Đông Hồ prints depict a number of animals found around farms such as the carp, buffalo, frog, toad, duck but by far the most popular animal is the chicken, the pig comes second. Prints used as good luck charms are commonly called tranh gà lơn which means pictures of chicken and pigs. This goes to show their importance in people’s cultural lives, and the wealth of hopes and meanings embedded into their images.

A flock of chicken is an allusion to fertility, to having a big family with lots of children and grandchildren.
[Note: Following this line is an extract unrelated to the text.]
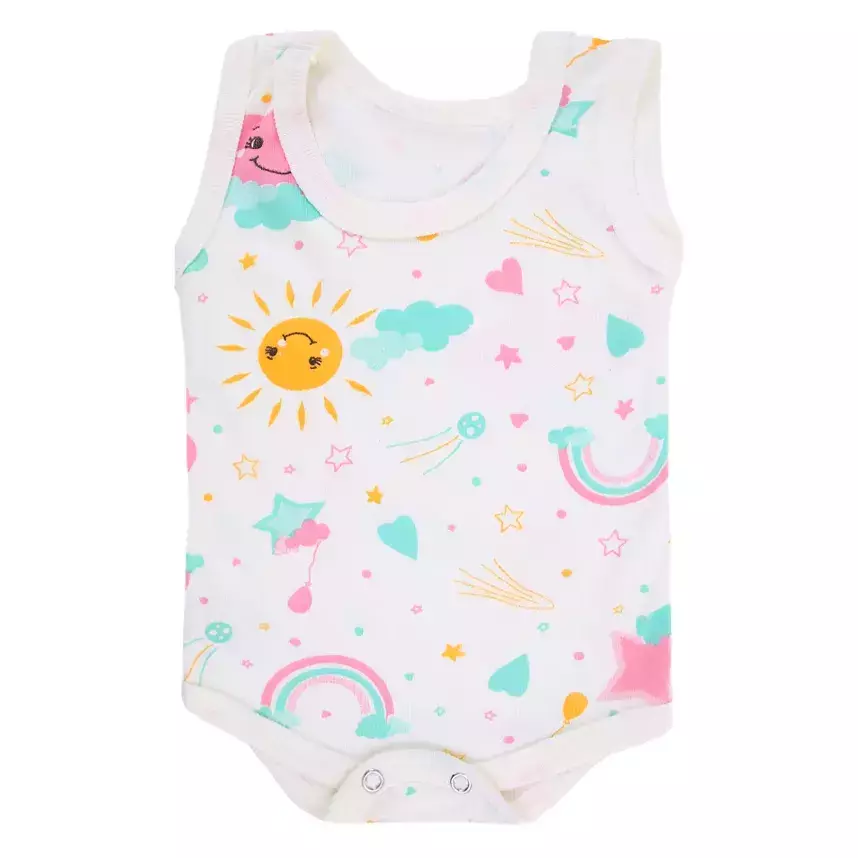 Desenvolvido pela marca Top Chot, este body regata de bebê é confeccionado em uma combinação suave de 67% algodão e 33% poliéster, apresentando uma delicada malha canelada. Ideal para manter o bebê fresquinho e confortável, especialmente em dias mais quentes. O design estampado e colorido adiciona um toque de alegria ao guarda-roupa, perfeito para bebês do RN ao G (0 a 12 meses). A peça possui fecho inferior por botões de pressão, facilitando as trocas de fralda e garantindo um ajuste seguro.
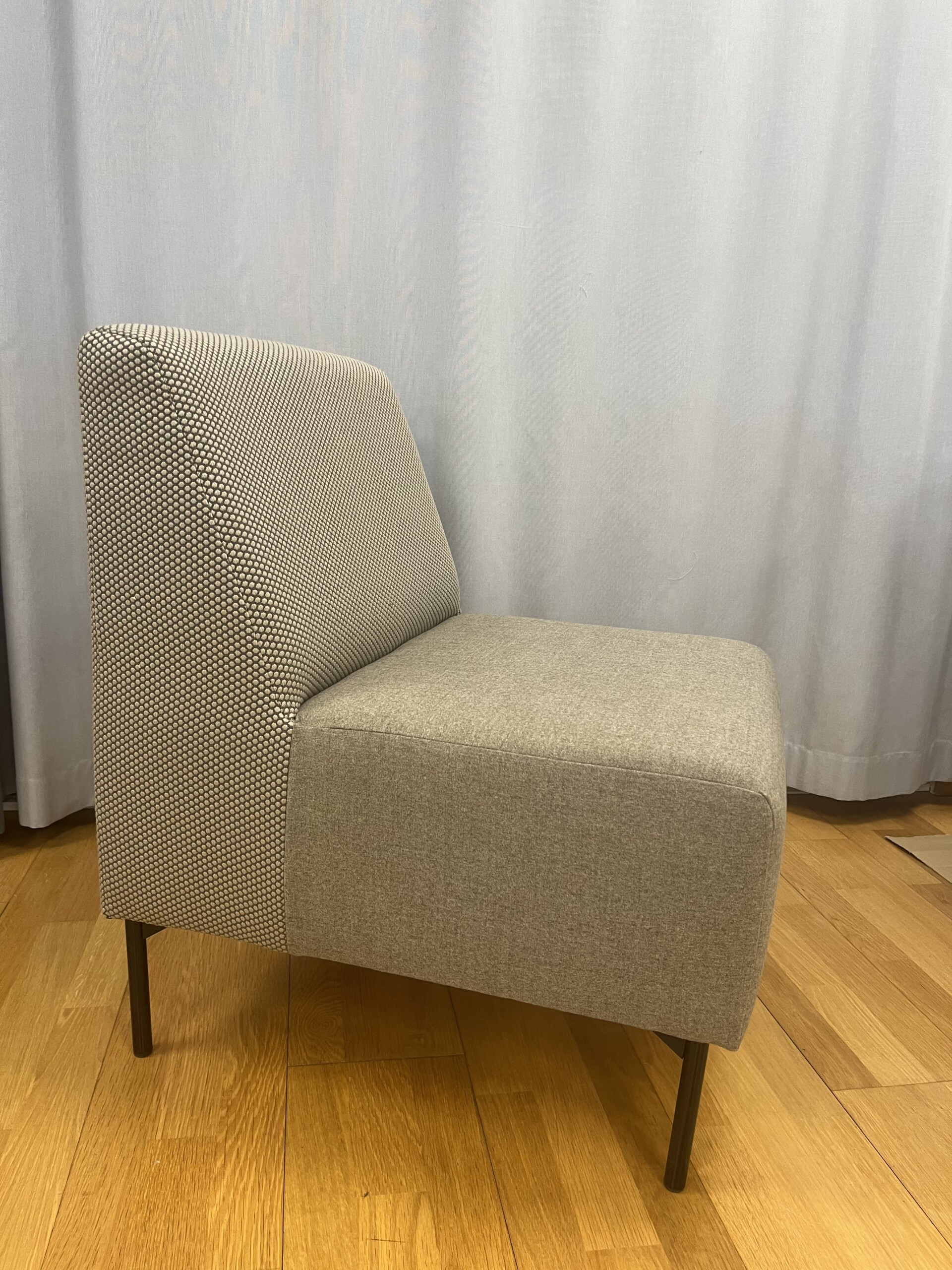 | Materiale sete | Farge | Møbeltrekk | Materiale rygg | Farge | Understell | Materiale understell | Metall |

Story goes that the print above, Gà thư hùng (the name of a local breed of chicken), was designed by the woodcut master Đám Giác as a wedding present for the local official Chánh Hoàn’s daughter in 1915. Beside the image, in Nôm – the old Vietnamese writing system using Chinese characters, he engraved the phrase lắm con nhiều cháu giống lông giống cánh (children and grandchildren in flocks, sharing the same feathers, the same wings). The image consists of a full family of rooster, hen, and chicks in the composition of a swirl, with their male and female energy complimenting each other like the yin and yang, creating perfect harmony.

Likewise, prints of a family of pigs carries the same wishes, the wish for a flourishing and prosperous family.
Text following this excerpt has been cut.